As a philanthropic advisor, I’ve had the good fortune to be involved in a committed effort to fund cost-effective poverty alleviation. In this post I’d like to share one aspect of the learning journey, which I hope will be valuable to others pushing for progress on poverty and other challenging social outcomes. It also illustrates how we make investment decisions at The Agency Fund.
There was a time when the most common pitch to poverty funders went something like this: Hundreds of millions of impoverished entrepreneurs in the world are credit constrained – commercial banks won’t lend them money. But they have attractive investment opportunities at their disposal (multiplying goats! emerging markets!). If somebody only took a chance on them, they could generate income and return the funds with interest. And a nonprofit lender who recycles these funds can get a flywheel going that keeps on giving until poverty is eradicated for good. This was a compelling story for donors who had capital and wanted to reduce poverty; many (my clients included) invested liberally in microcredit nonprofits.
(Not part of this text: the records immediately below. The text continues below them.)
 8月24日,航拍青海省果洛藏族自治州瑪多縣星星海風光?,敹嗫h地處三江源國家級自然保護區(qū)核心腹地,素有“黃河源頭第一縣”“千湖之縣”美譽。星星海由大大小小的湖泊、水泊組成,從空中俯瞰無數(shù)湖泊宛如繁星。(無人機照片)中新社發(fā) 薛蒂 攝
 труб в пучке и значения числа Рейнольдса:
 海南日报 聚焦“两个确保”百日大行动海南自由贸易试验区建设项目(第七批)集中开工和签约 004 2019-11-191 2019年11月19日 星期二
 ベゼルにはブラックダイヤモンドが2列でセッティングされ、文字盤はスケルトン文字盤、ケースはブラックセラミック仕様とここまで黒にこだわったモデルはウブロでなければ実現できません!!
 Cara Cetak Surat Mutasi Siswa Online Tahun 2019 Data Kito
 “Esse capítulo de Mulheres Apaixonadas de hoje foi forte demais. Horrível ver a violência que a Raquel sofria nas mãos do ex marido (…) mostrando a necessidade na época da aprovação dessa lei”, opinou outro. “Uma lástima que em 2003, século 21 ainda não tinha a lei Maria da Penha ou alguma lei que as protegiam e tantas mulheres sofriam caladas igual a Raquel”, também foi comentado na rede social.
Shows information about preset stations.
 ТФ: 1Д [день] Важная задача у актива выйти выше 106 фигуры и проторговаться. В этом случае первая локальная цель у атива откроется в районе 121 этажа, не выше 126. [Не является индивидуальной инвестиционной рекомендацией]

Over time, questions emerged. Which grantees were accomplishing what in the way of poverty reduction? What returns did their borrowers achieve on their investments, and how did that compare to the interest rates on their loans? To which organizations should we allocate funding to maximize poverty reduction, and to whom should these organizations allocate loans? To answer these questions, my clients started to shift about half of their microcredit contributions toward learning and evaluation.
As evidence accumulated, the results were sobering. Most borrowers did not appear to channel their loans into profitable investments. In fact, the average amount of poverty reduction was indistinguishable from zero. Although this was certainly disappointing, we as a field did learn from these experiences. My clients expanded their poverty grantmaking beyond microcredit, and a few grantees tried to micro-target their lending to users who were more likely to benefit.
Then something interesting happened with the evaluation findings: they contributed to a broader body of evidence that seemed to “change the narrative,” well beyond the grantees and us. The false promise of a silver bullet evaporated; meanwhile, a productive field of research emerged to better understand who can make good use of which types of loans, and under what conditions. The capital allocations of third parties, including major development organizations, started to shift, sometimes with explicit reference to evidence. Buoyed by this, we continued to invest in research and policy translation (ultimately, well beyond microcredit).
After the fact, the “return on investment” seems to have come mainly from the public goods nature of the research. But this was not foreseeable at the outset – or was it? Well, while we didn’t foresee the research results, we could have been more clear-eyed about three “potential” sources of value:
🐐 Direct value: The impact of expanding the scale of a program.
📚 Learning value: The value of (yet-undiscovered) insights that may improve the capital allocation of the implementer and/or donor in the future.
📣 Leveraged value: The potential to help improve the capital allocation of major third parties.
In retrospect, rather than meandering with a limited aperture from programming to evaluation to research, we would have been well advised to deliberately account for all potential sources of value at the outset, and then maximize them jointly. It is possible to seek impacts right away, while simultaneously using rigorous evaluation protocols to learn about potential adjustments, and trying to anticipate which lessons might prove useful to third parties down the road.
Today, when we appraise a potential investment at The Agency Fund, we consider direct value, learning value, as well as leveraged value. Some of our most compelling grantees also focus on all three: they perform an intervention to have direct impact, they learn how to become even more impactful in the future, and they aspire to maximize the value of these insights beyond their own programming. These three factors directly map to our goal of promoting an ecosystem of players that have an implementation muscle, a learning muscle, and a policy lever.